### What you will do
Take the data below and write it out exactly, except for the pictures.

### Input data
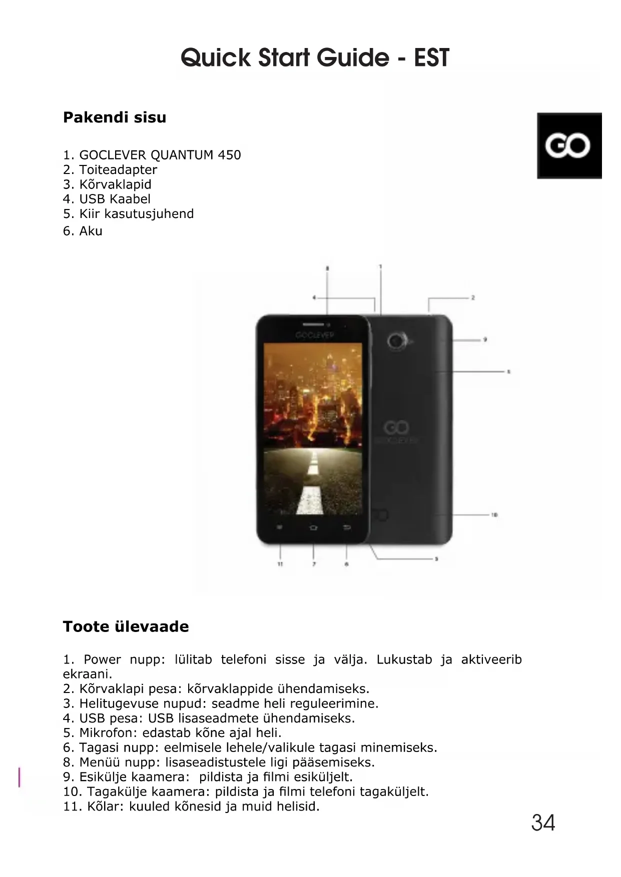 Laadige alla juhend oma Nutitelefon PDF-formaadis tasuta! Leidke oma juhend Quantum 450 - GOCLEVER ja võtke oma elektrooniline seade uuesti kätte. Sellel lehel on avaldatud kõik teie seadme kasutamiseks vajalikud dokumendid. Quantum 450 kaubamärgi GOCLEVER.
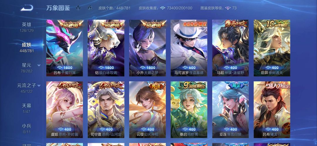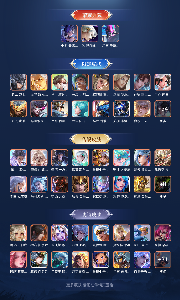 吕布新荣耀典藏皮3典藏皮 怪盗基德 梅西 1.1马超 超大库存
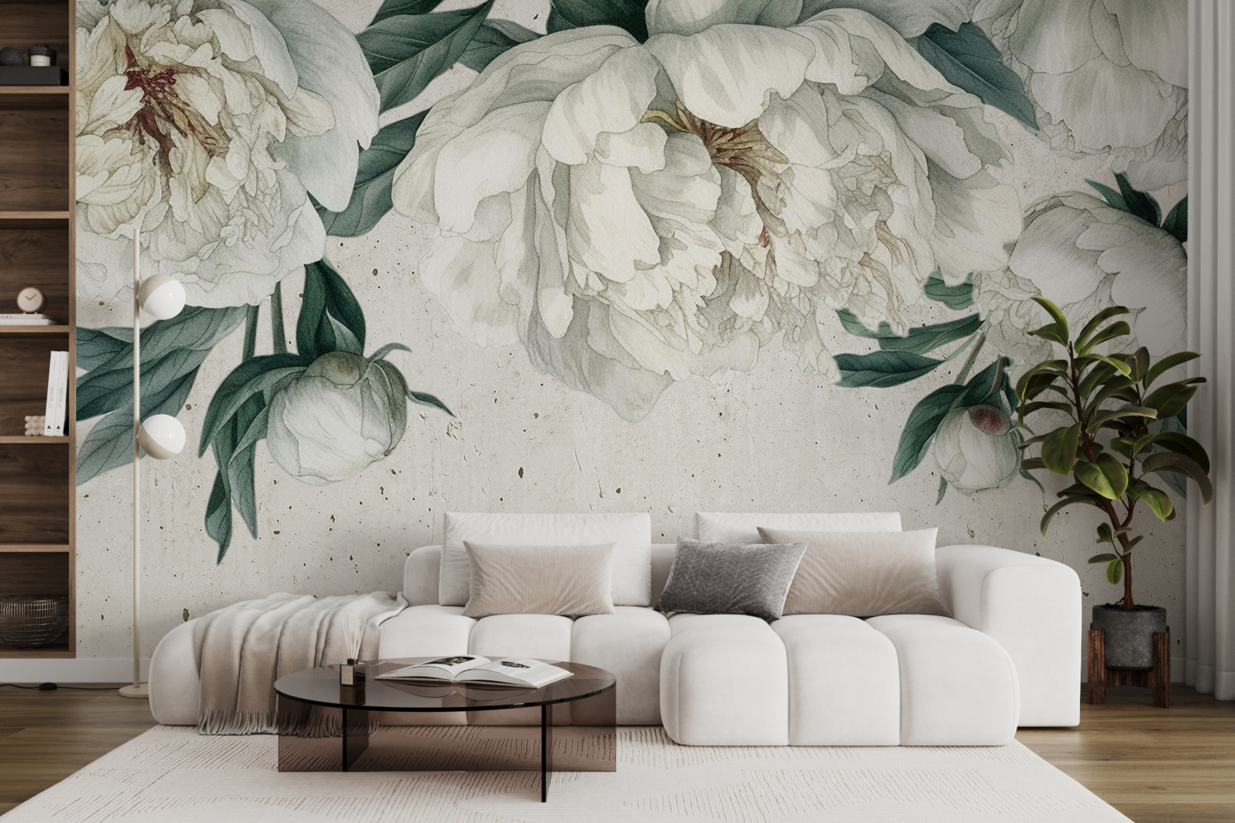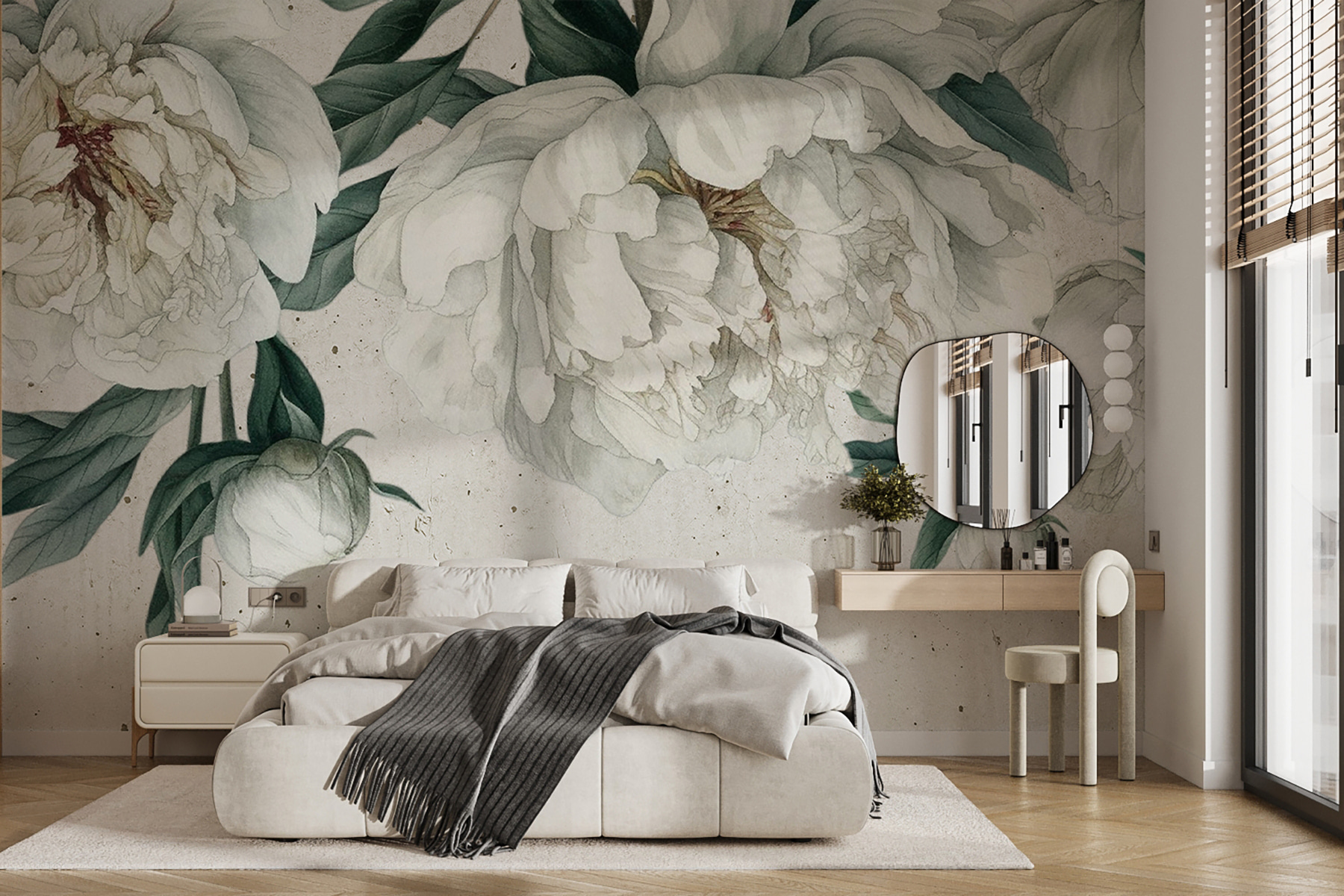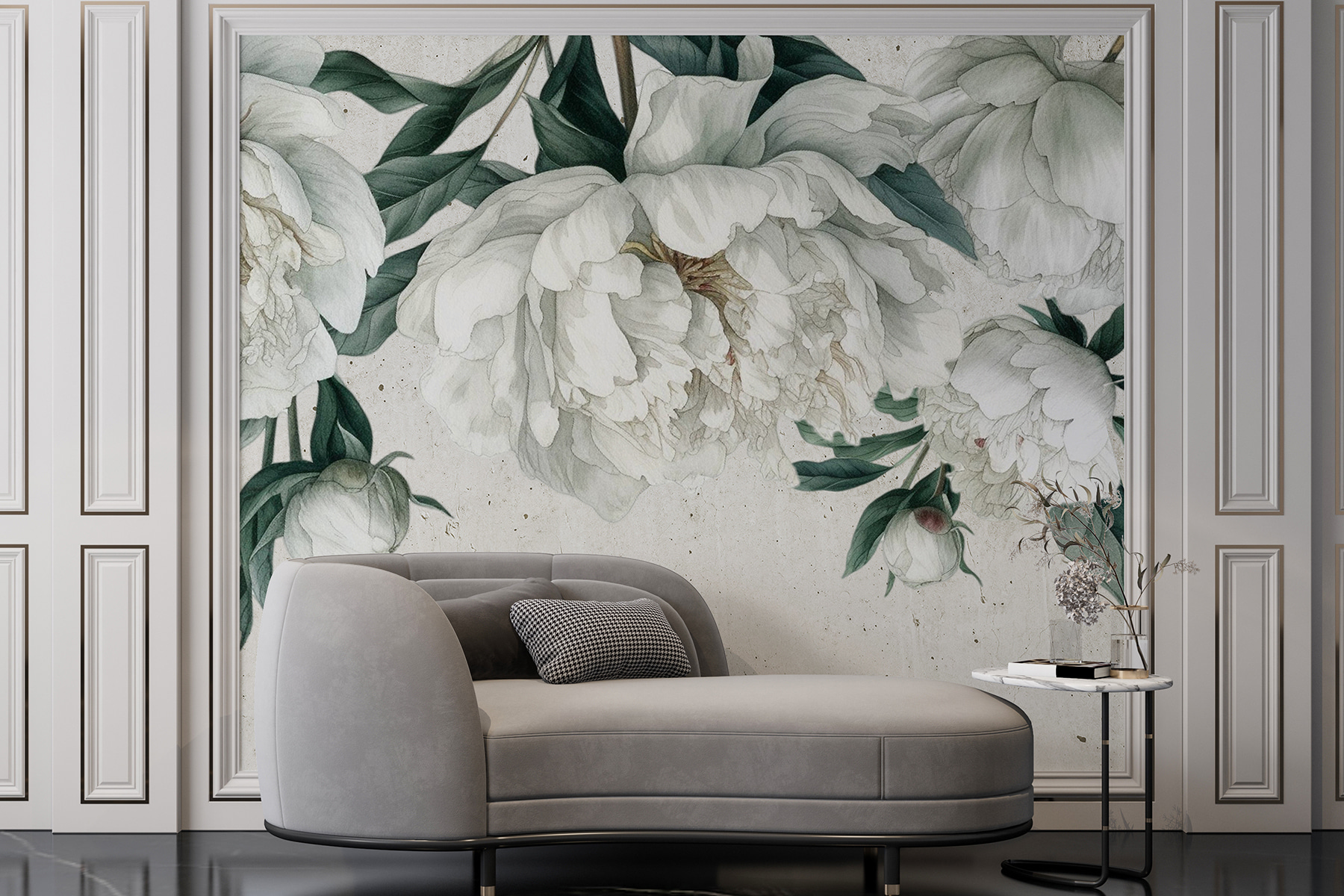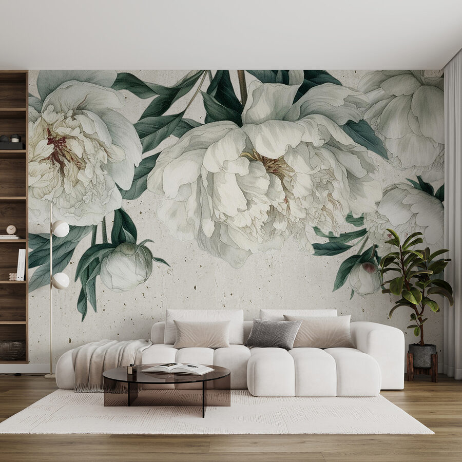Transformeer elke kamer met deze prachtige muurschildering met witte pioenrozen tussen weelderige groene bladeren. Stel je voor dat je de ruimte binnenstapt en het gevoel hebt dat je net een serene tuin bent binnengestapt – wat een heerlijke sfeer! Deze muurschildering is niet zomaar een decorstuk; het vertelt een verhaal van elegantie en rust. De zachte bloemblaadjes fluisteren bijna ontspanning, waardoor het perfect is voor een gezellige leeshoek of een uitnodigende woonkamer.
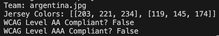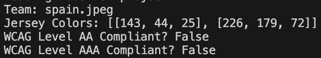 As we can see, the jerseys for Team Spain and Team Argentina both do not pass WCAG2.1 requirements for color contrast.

### Solution for this problem
 Laadige alla juhend oma Nutitelefon PDF-formaadis tasuta! Leidke oma juhend Quantum 450 - GOCLEVER ja võtke oma elektrooniline seade uuesti kätte. Sellel lehel on avaldatud kõik teie seadme kasutamiseks vajalikud dokumendid. Quantum 450 kaubamärgi GOCLEVER.
 吕布新荣耀典藏皮3典藏皮 怪盗基德 梅西 1.1马超 超大库存
Transformeer elke kamer met deze prachtige muurschildering met witte pioenrozen tussen weelderige groene bladeren. Stel je voor dat je de ruimte binnenstapt en het gevoel hebt dat je net een serene tuin bent binnengestapt – wat een heerlijke sfeer! Deze muurschildering is niet zomaar een decorstuk; het vertelt een verhaal van elegantie en rust. De zachte bloemblaadjes fluisteren bijna ontspanning, waardoor het perfect is voor een gezellige leeshoek of een uitnodigende woonkamer.
 As we can see, the jerseys for Team Spain and Team Argentina both do not pass WCAG2.1 requirements for color contrast.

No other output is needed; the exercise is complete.